The frozen 100-paper audit maps 3,933 checks to 1,427 scientific claims. With each numerical claim weighted equally, its outcomes are:
| Outcome | Share |
|---|---|
| Successfully reproduced | 40.55% |
| Blocked by documented external limitations | 21.93% |
| Attempted but not reproduced | 37.52% |
These are claim-level outcomes, not a percentage of fully reproduced papers. The audit includes the full ledger and measurement method, including fidelity evidence and its limits.

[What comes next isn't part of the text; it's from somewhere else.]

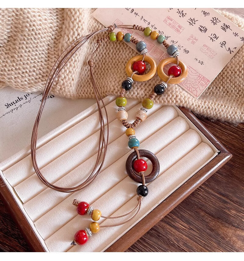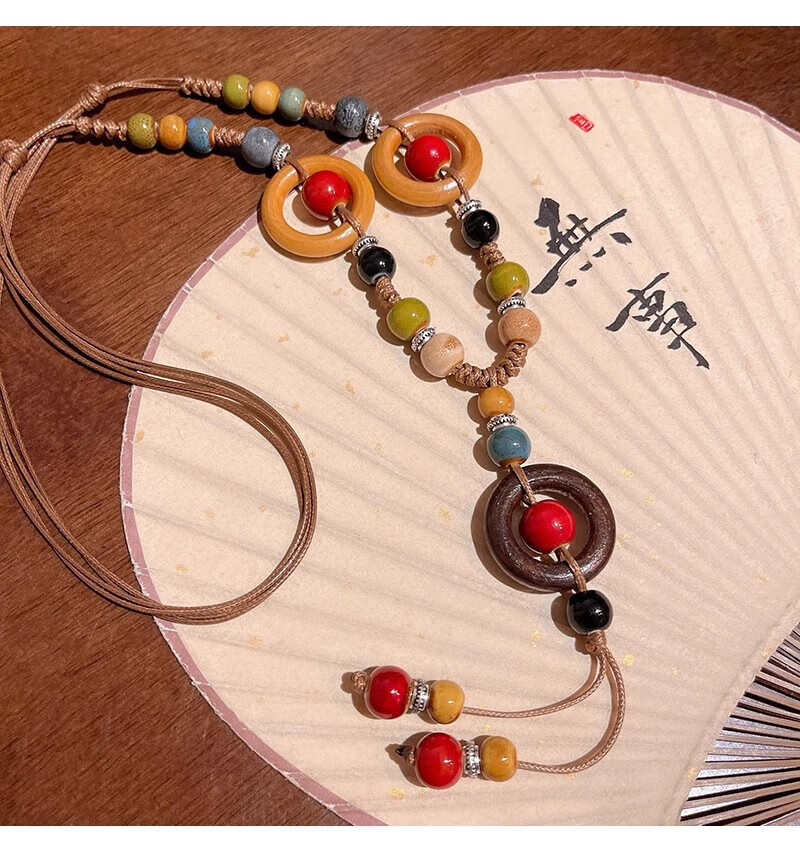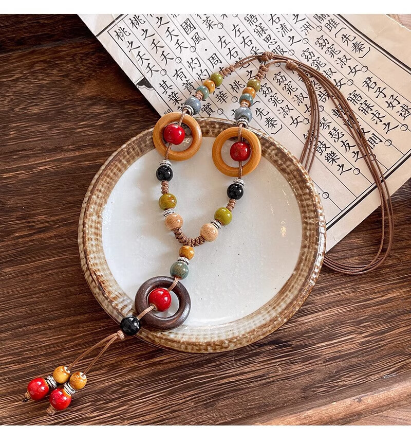 Fan Shengyu Bohemian Style Necklace Women's Ceramic Beads New Chinese Style Exotic Ethnic Style Zen Style Long Clothes Chain Accessories Colorful Beads Yunnan Style Necklace

Independent reproduction is the starting point; an executable history preserves what we learn; original research is the direction.
| Project | Role |
|---|---|
| PRAgent | Independently reconstruct and check: rebuild methods from papers, implement and run reproduction code, and organize validation and independent review. |
| RunThePaper | Preserve and share: accumulate derivations, code, data, figures, evidence, failure records, and review status for people and agents to inspect, run, and extend. |
| CyberEinstein | Build toward original research: connect field history, reproduction evidence, and new questions into a sustained research process. |
You do not need access to PRAgent to read or rerun the public cases here. The PRAgent execution system is developed separately and is not distributed in this repository. CyberEinstein builds on these existing assets; its sustained original-research workflow is the next stage, not a prerequisite for using this collection.
A paper is one entry into this history. Its case connects a research question to the claims, derivations, code, generated results, and checks behind it. You can follow that chain, rerun a calculation, inspect a discrepancy, or ask what happens when an assumption changes.
As these cases accumulate, they form a shared knowledge foundation for learning and further research. Tracing relationships between discoveries, retrieving across cases, and measuring their value to scientific agents are next-stage work.
Research collections organize the papers by field. Learning paths add prerequisites, reading order, and exercises. The paper timeline provides a chronological route into the collection. These views refer to the same cases and their recorded scientific state.
The update history is generated from actual commits. It separates new papers, updates, and removals, and shows whether code, derivations, data, figures, or validation evidence changed. Every entry links an exact revision. The catalog, learning paths, paper timeline, and update history follow one maintenance workflow.
- Request a paper: open an issue with its DOI or arXiv ID and the figure or claim you want to reproduce.
- Report a run or discrepancy: include the case, command, environment, and observed result so someone else can check it.
- Review or extend a case: contribute a derivation check, missing input, correction, or additional result through the contribution workflow.
- Improve a learning path: report a missing prerequisite, unclear derivation, or command that failed, or suggest a paper order and exercise. A specific learning experience can improve the shared research foundation.
When using a case in your work, cite the original paper and link the case at the commit you used so readers can inspect the same materials.
Code: MIT. Notes, generated data, and generated figures: CC BY 4.0, unless a case states otherwise. Third-party material, including attributed paper excerpts in comparison panels, retains its original terms; see NOTICE.md.